No one knows exactly how many Muslims call Europe home since most European nations don’t track ethnicity or religious affiliation in census data. Guesses put the number around 20 million.

France accounts for the highest concentration of Muslims in the European Union?5 to 6 million, or about 8 percent of the population. Many entered the country as immigrants in guest-worker programs following World War II, but untold numbers have flooded France and other European nations illegally.


While the French government has made strides to help Muslim immigrants integrate into French society, things haven’t always gone smoothly.

In 2004, a law banning Muslim girls from wearing head scarves in French public schools ignited an uproar among immigrants. A year later, riots broke out in Muslim-majority areas of Paris after the deaths of two North African teenagers. The summer of 2007 saw peaceful but public protests by West African immigrants in a dispute with the French government over papers that would allow them to remain in France legally.

Such tension drives some immigrants away from their Muslim heritage while others gravitate toward it.

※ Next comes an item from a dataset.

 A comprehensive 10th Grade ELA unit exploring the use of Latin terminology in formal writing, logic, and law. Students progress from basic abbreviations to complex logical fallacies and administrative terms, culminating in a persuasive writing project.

Osman* is among the men worshipping outside the Paris mosque. Handsome and energetic, the 20-something works as a technician for the city’s water department. Born in Paris, Osman’s parents are Christians who came to France nearly 30 years ago from Togo, West Africa. But after years of struggling to assimilate into French society, Osman finally found acceptance among other West African immigrants by converting to Islam.

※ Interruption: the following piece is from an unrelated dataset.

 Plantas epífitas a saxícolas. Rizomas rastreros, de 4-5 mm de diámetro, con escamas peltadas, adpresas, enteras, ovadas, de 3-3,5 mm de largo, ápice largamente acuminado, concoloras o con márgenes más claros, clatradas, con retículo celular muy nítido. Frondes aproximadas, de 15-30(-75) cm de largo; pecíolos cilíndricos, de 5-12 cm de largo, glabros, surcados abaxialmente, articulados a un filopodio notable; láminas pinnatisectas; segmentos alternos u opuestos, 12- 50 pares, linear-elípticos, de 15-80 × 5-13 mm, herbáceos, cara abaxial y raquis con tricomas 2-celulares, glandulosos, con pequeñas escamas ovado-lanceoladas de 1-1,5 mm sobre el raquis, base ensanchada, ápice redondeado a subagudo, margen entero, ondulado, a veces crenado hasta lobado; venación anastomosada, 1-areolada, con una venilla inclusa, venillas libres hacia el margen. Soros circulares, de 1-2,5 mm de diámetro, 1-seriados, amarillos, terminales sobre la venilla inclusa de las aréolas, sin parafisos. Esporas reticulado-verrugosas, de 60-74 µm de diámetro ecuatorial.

Yet as Christianity’s presence in Europe wanes, there is hope.


Evangelical churches have seen slow but steady growth. In France, evangelicals numbered just 60,000 in 1940 but have climbed to nearly 500,000 today. Now about 3,000 evangelical churches worship in France?more than a third planted in the past 20 years. Immigrants are helping to swell the ranks of these churches, sometimes composing as much as 50 percent of the congregation.

Tony Lynn, a Southern Baptist missionary serving in Paris, said that most evangelical churches inside the city average 35 to 65 people on Sunday. Lynn and his wife Jamie?both from Michigan?have spent the past five years in Paris working to plant churches among the city’s 100-plus unreached people groups.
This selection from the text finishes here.